Islah çizgisi Türkiye'de Mehmet Akif Ersoy ve Said Halim Paşa gibi isimleri etkilerken, Azerbaycan'dan Doğu Türkistan'a kadar Türk kurtuluşçularını bilinçlendiriyor.
İran'da usuli ulemayı ve Ali Şeriati gibi aydınların yetişmesine vesile oluyor. Aliya İzzetbegoviç'ten Hasan Turabi'ye, Ömer Muhtar'dan Mevdudi'ye son yüzyılda yetişmiş Müslüman düşünür ve önderin büyük çoğunluğu "neo-Selefi" bu ekolden...
İşgal ve sömürgeciliğe karşı o bölgenin yerel direniş fıkhını oluşturmak, İslam teolojisini Kur'an'a göre yenileyerek hurafeleri ayıklamak, düşünsel tıkanıkları içtihad kapısını açarak aşmak...
Selefilik böylesi geniş bir coğrafyada dallanıp çeşitlenirken bir damarı Sünni-Hanbeli kalıplara sıkışıp kaldı. O kalıplar Selefî söylemin doğduğundaki dinamizmin tam aksine bir düşünsel donukluğa doğru evrildi.
Bu donukluk tam da İbn-i Teymiyye ve İbn-i Kayyım'ın mücadele ettiği taklitçilik ve taassubun kendisine dönüştü.

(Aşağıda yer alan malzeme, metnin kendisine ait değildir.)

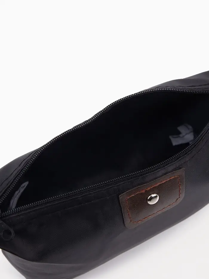 Порядок в каждой сумке начинается с маленькой детали! Чёрная косметичка на молнии — это компактный и практичный органайзер для личных мелочей. Её лаконичный дизайн и продуманная конструкция делают аксессуар универсальным спутником в путешествиях, на работе или в спортзале.

Ancak tüm Selefi akımlar aynı seyri izlemedi.
Selefiliği kendisine yönelik tehdit gören muhafazakarlık ise bu yenilenme ve öze dönüş çabalarını modernistlikle, sapkınlık, mezhepsizlik, ajanlıkla itham etti. İşte günah keçisi de böyle doğdu...
Selefiliğin  18’nci yüzyıldan bu yana çeşitlenmesi onun hem ilimler alanında hem de siyasi hareketler alanında hem olumlu hem olumsuz kollar doğurmasına yol açtı.
Örneğin taklitçi, mutaassıb donuk kimi Selefi dini akım ve siyasi hareketlerden tekfirci uçlar açığa çıktı. Tekfirciliğin yukarıda belirttiğim Selefi davetin özüne tamamen zıt olduğunu belirtmek gerek.
Dolayısıyla “öze dönüşçü” yenilenmeci akılcı/içtihadçı olmayan rivayetçi/taklitçi bir Selefiliğin bizzat kendisi Selefiliği tüketmekte. Bunu IŞİD gibi aşırı uçlardan görüyoruz.
Muhafazakarların ve modernistlerin sorunu da tam burada. Onlar bu bariz farkı görmeden bir genellemeye giderek tam bir Self-Oryantalizm örneği oluyorlar.
20 ve 21’nci yüzyılda İngiltere'den ABD, Rusya ve Çin'e devrolunan emperyalizmin vahşi işgal ve baskılarına karşı direniş hareketlerinin Selefiliğin farklı renklerinden teşekkül etmesi tesadüf değil.
IŞİD gibi Selefiliğe yabancılaşmış aşırı bir ucun dahi Irak'taki ABD-İran çıkar ortaklığının bölge halkına yaptığı zulümler sebebiyle taban bulduğunu hatırlatmak gerek.
Self-Oryantalist yaklaşımlar ise Selefi/Öze Dönüşçü hareketlerin bir proje olduklarını, Dini tahrip ettiklerini ileri sürmekte. Buna karşı da tasavvufçu cemaat ve tarikatların güçlendirilmesi gerektiğini savunmaktalar.
Oysa bu iddia gerçeği yansıtmıyor. Evet işgalcilerle işbirliği yapan Selefi akım, örgüt ve güçler mevcut. Ama bu tüm Selefiliği tarihteki tüm Selefi çabaları kapsamıyor.
Aksine egemen güçler gerek muhafazakar gerek modernist gerekse de ıslahçı çizgilerden kendilerine partnerler bulabilirken bu 3 ana akımdan karşıtlar da buluyorlar.